摇光停住了。
沙底的土层深处,那道飘忽的影子如同被冻住一般,彻底凝滞。
没有沙粒蠕动的声响,没有力量游走的波动,整片沙海之下,陷入了一种令人窒息的死寂。这种死寂比之前的空旷更甚,像是一张无形的嘴,吞掉了所有声音,连风掠过沙面的轻响,都显得格外刺耳。
他能逃。
以他的隐匿之术,此刻若是不顾一切地向沙海深处遁走,凭借沙层的掩护,萧晨纵然能锁定他的大致方位,也未必能在瞬息间追上。可他心里比谁都清楚,自己一逃,萧晨就会立刻看穿他所有的布局逻辑——蚀脉丝网的核心枢纽,就藏在他此刻藏身的沙位之下。

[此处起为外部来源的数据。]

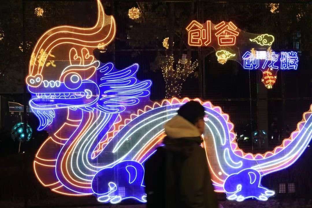 各种龙年花灯在园区的小广场花坛南一楼阶梯等地璀璨闪耀……光与影互相交织时而变幻色彩时而星光闪耀。楼上办公,楼下赏灯,这是长阳创谷独有的浪漫,斑斓缤纷的花灯活泼的多元创意文化古典与时尚在此相伴而生。长阳创谷副总经理蒋雯介绍,在筹划今年灯光秀时,广场增加大型龙灯,大家头脑风暴过“传统中国龙”“现代抽象龙”等,最后结合多种元素呈现出“萌龙”。“我们的初衷是营造春节氛围,也给大家打打气,有长阳长相伴,创谷创龙腾的寓意。”
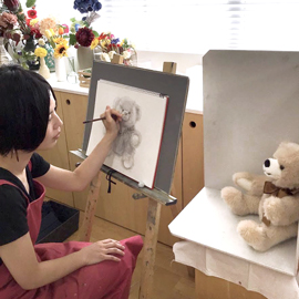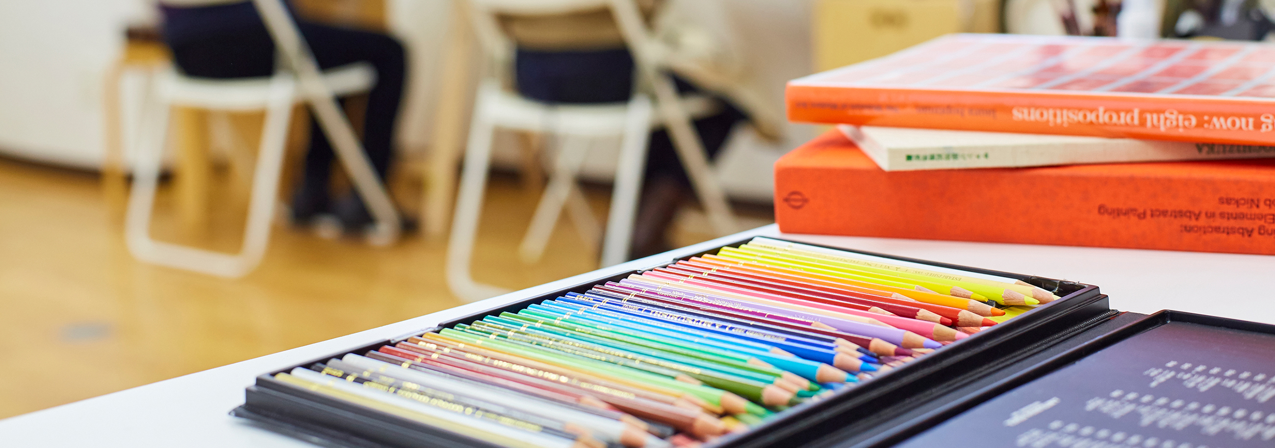 - 基本的な画材はアトリエでご購入いただけます。また、ご自分の画材をお持ちでしたらご持参頂き、アトリエでの保管も可能です。何の画材を使って描きたいかがわからない方には、各画材1作品完成までお使いいただける「お試し画材」を無料でご利用いただけます。
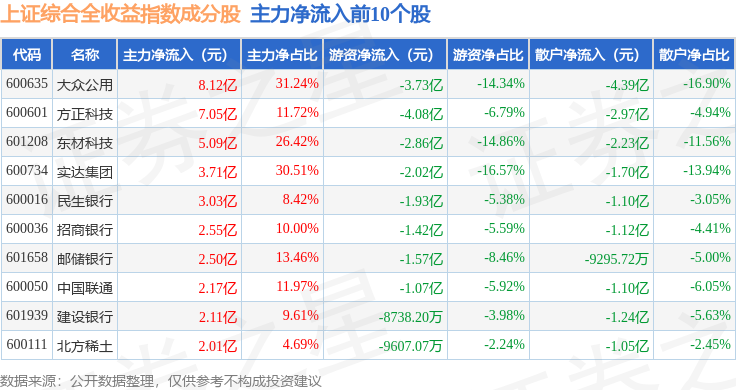 资金流向方面,上证综合全收益(000888)指数成份股当日主力资金净流出合计247.83亿元,游资资金净流入合计46.98亿元,散户资金净流入合计200.85亿元。成份股资金流向详情见下表:
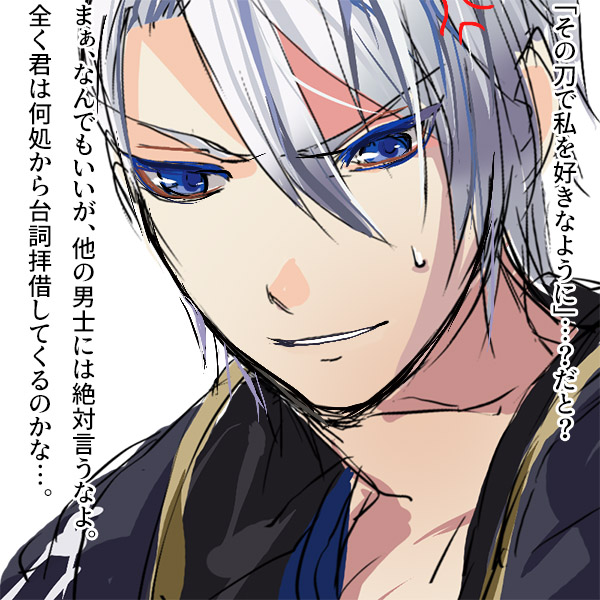 | 実は未だに髪型に迷走している。 | たまには長義以外も描けと言われたので国広。 |
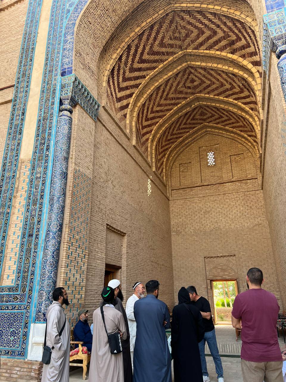 We started the day by visiting the grave of Imam Abū Manṣūr al-Māturīdī (d. 333 AH). Imam Abū Manṣūr al-Māturīdī was a prominent Sunni Muslim scholar, jurist, and theologian. He is renowned for being the eponymous founder of the Maturidi school of Islamic theology. Born in Samarkand, he adhered to the Ḥanafī jurisprudence and codified a theological doctrine that refuted heterodox opinions. His tomb lies in the Chokardiza cemetery in Samarkand, where it is claimed that over 3,000 scholars and theologians are buried.
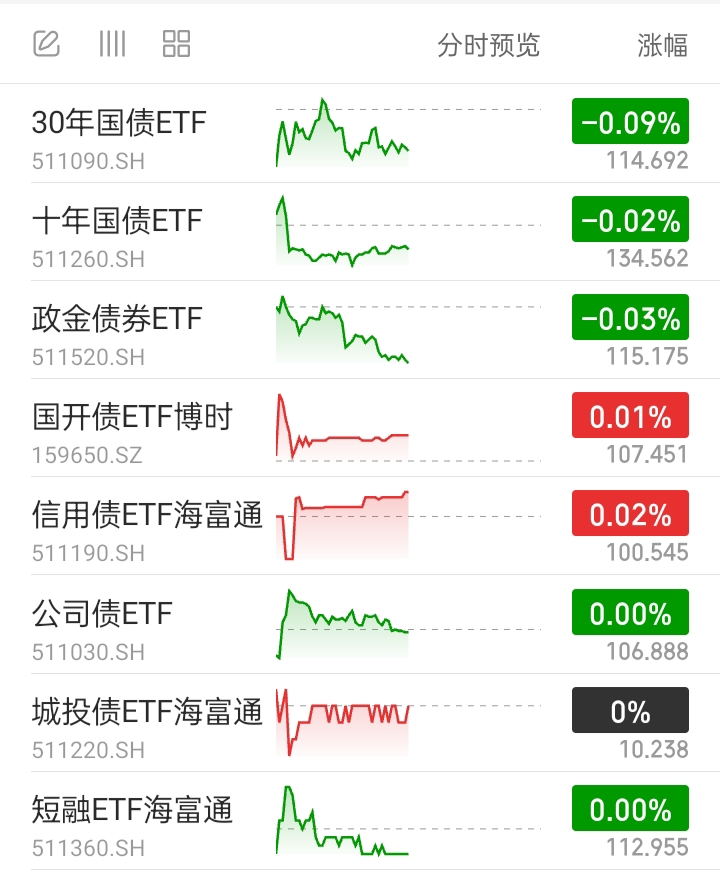 信用债ETF、公司债ETF、城投债ETF,代表信用债基。2平1涨

一旦他离开,萧晨只需顺着他的逃路,找到那处枢纽,便能轻而易举地破掉整张丝网,他这数日的心血,便会付诸东流。
他也能引爆杀招。
蚀脉丝网的最深处,埋着他亲手炼制的“断脉芯”,只需一缕意念引动,便能将整张丝网、三道痕迹,乃至这片沙海的地脉一起炸成虚无。玉石俱焚,同归于尽,这是埋种者最后的底牌。
可一旦引爆,他自己也跑不掉。
断脉芯的威力,连他自己都无法承受。埋种者这一生,最擅长的是躲在暗处,给别人埋下绝路,最不擅长的,从来都是正面拼命。他惜命,比谁都惜,天枢许给他的好处还没到手,他绝不可能心甘情愿地在这里陪葬。
沙面上,萧晨依旧站在三道痕迹的正上方,衣袍被热风微微吹起,身姿挺拔,神色平静得仿佛只是在与一个旧友聊天。他看着脚下那片毫无动静的沙地,声音不高,却带着一种洞穿人心的力量,清晰地传入沙底:“你不敢动。你一引爆炸招,我会死,痕迹会灭,地脉会崩,但你也会被断脉芯的余波震成齑粉。天枢向来只看结果,不会管你的死活,你于他而言,不过是一把好用的埋刀人,没了,再换一把便是。”
沙下依旧没有回应。
只有热风卷过黄沙,发出“沙沙”的摩擦声,像是谁在暗处,无声地咬牙。
“你布下这张蚀脉丝网,用腐心种·蚀脉形态啃噬痕迹本源,又特意将丝网的根须,与沙海地脉的主脉绑在一起。”萧晨继续开口,一字一句,如同重锤,精准地敲在摇光最紧绷的那根弦上,“你算准了我会来救痕迹,算准了我舍不得毁掉这片地脉,所以才敢如此肆无忌惮地设局。”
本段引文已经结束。